A lawyer for convicted serial child molester Jerry Sandusky is appealing part of a trial
court judge’s order issued late last month that bars defense counsel from sharing discoverable materials not part of the record during trial with those not directly involved in the case, such as members of the press.
The June 26 order by Common Pleas Court Judge John M. Cleland, who oversaw Sandusky’s child sex-abuse trial in June, stated that no material provided by the commonwealth to the defense team that wasn’t made part of the record at trial shall be disclosed to any person or entity not directly involved in Sandusky’s prosecution.
The order also required defense attorneys to provide the court, under oath, with a list of outsiders with which the information in question was shared.
It is that second part of the order that defense attorney Karl Rominger took issue with, and that is subject of his appeal to the state’s Superior Court.
In a concise statement of matters complained of on appeal that was filed at the Centre County Court of Common Pleas July 12, Rominger argues that the court erred in entering an order that went beyond the protective order agreed upon at the hearing, “when it unilaterally imposed a condition that counsel for the defendant certify under oath with whom discovery was delivered to, as this was not part of the agreement referenced in the preamble to the Order.”
The appeal notice goes on to state that this portion of the court order invades the “province of attorney work product,” and that the court lacked the authority to retroactively impose a protective order concerning prior conduct, “because there was no prohibition on the use of material gained in discovery, and therefore no reason for the Court to inquire about the previous use of said materials.”
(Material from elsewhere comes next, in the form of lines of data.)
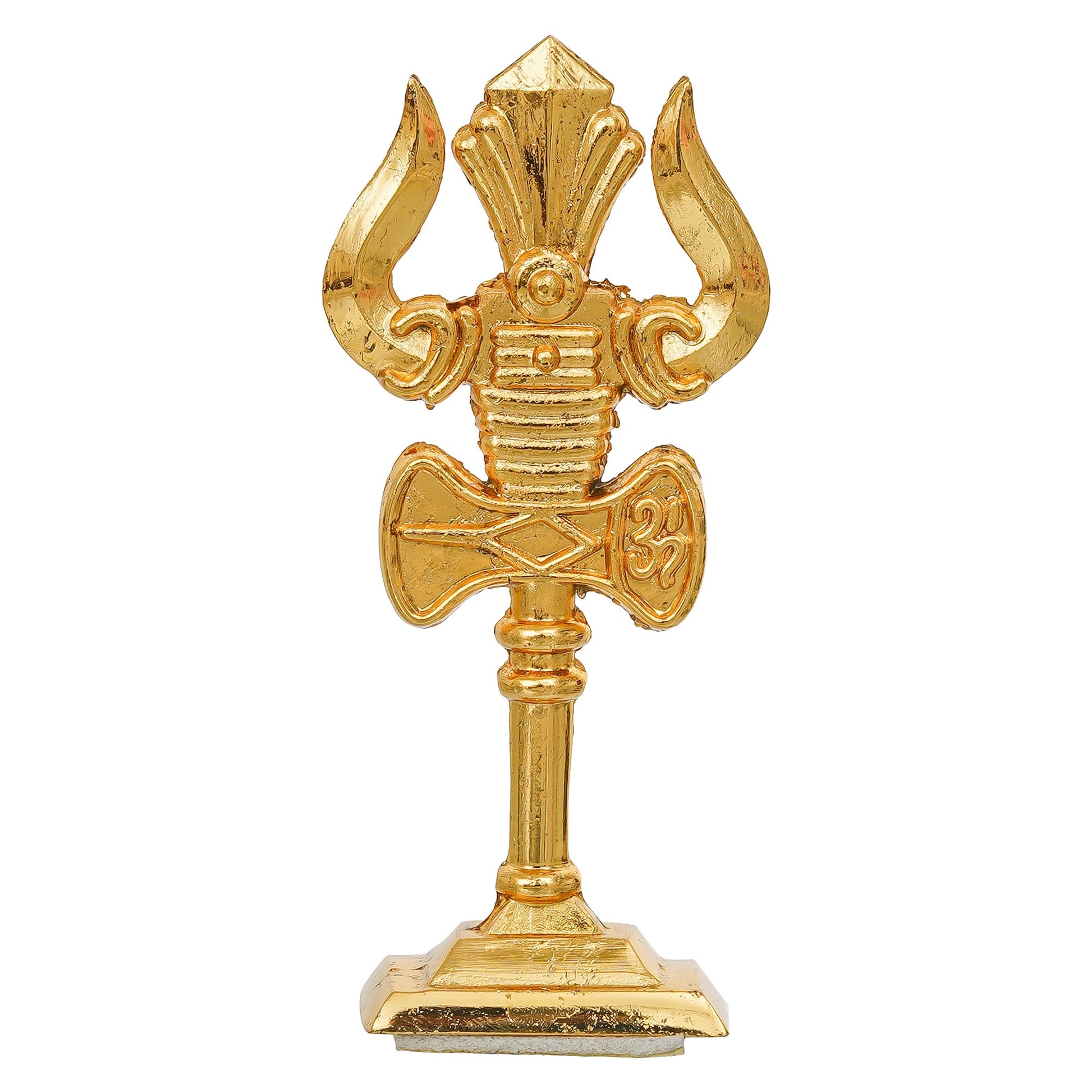 Webelkart Premium Metal Lord Shiva Trishul with Damru on Stand Statue for CarDashboard,Pooja Decor Beautiful Mahakal Trishul for Temple Decor Pooja Artical,Adiyogi Trishul (3.93" Inches Gold)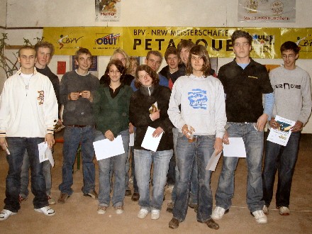 Im zweiten Anlauf spielte das Wetter mit: Die Hallen-Landesmeisterschaften konnten am Samstag, dem 17. Dezember 2005, in der Boulehalle des PCC Köln durchgeführt werden. Jakob Nisius, Vorsitzender des PCC Köln und bekannt für sein Engagement im Kinder- und Jugendbereich, hatte dies möglich gemacht und sorgte wie immer für den angenehmen Rahmen einer solchen Veranstaltung. Insgesamt 34 Jugendliche – ein neuer Rekord – kämpften in den drei Altersklassen um den Titel. Getreu dem Motto „Genießt ihr euer Spiel – Turnierleitung und Schiedsrichter kümmern sich um den Rest“ gefielen die Jugendlichen durch ihr spielerisches Können, durch ihre Unbekümmertheit, Spielfreude und ihr vorbildliches Verhalten untereinander. Max Spitzer, Schiedsrichterwart BPV NRW und jüngst zum DPV-Schiedsrichter befördert, bewies mit seinem bestimmten und besonnenen Auftreten immer wieder Fingerspitzengefühl und trug maßgeblich zum Erfolg dieser Meisterschaften bei. Eine wirklich beispielhafte Schiedsrichterleistung!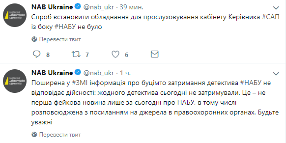 Информация о якобы задержании детективов бюро также является фейком, по мнению представителей НАБУ.

Rominger further wrote that the court erred because, according to the Pennsylvania Rules of Criminal Procedure, the court cannot craft a protective order that requires devolution of whom counsel worked or counseled with, nor whom counsel worked with or consulted in relation to any discovery materials that were not previously subject to any protective order.
“The court lacked the power to enter a protective order which included provisions requiring counsel to divulge and describe how they had handled the discovery materials and who they were shared with when there was no hearing where such a finding could be made (if arguendo permissible), and there was no agreement or stipulation entered into such a provision in the protective order,” the appeal notice reads. “The court erred in crafting a protective order which was one sided, and was not reciprocal upon the Commonwealth, as the matters which do not concern Grand Jury materials are not in the purview of the Grand Jury Judge, and to the extent the Court has the power to enter such an Order, it should have been fully reciprocal.”
Cleland’s order was issued following a revelation that a news organization had obtained a portion of a police interview with one of Sandusky’s adopted children, who, after the case unfolded, accused his stepdad of molesting him as well when he was a youngster.
Sandusky, 68, the former assistant football coach for the Penn State Nittany Lions, was found guilty of 45 of the 48 counts of child sex-abuse against him following a two-week trial last month.
The former defensive coordinator was convicted of sexually abusing 10 young boys during a 15-year time period.
At his age, and considering the number of years he is facing behind bars, Sandusky will most likely live out the rest of his life in prison after he is sentenced, which will likely take place this fall.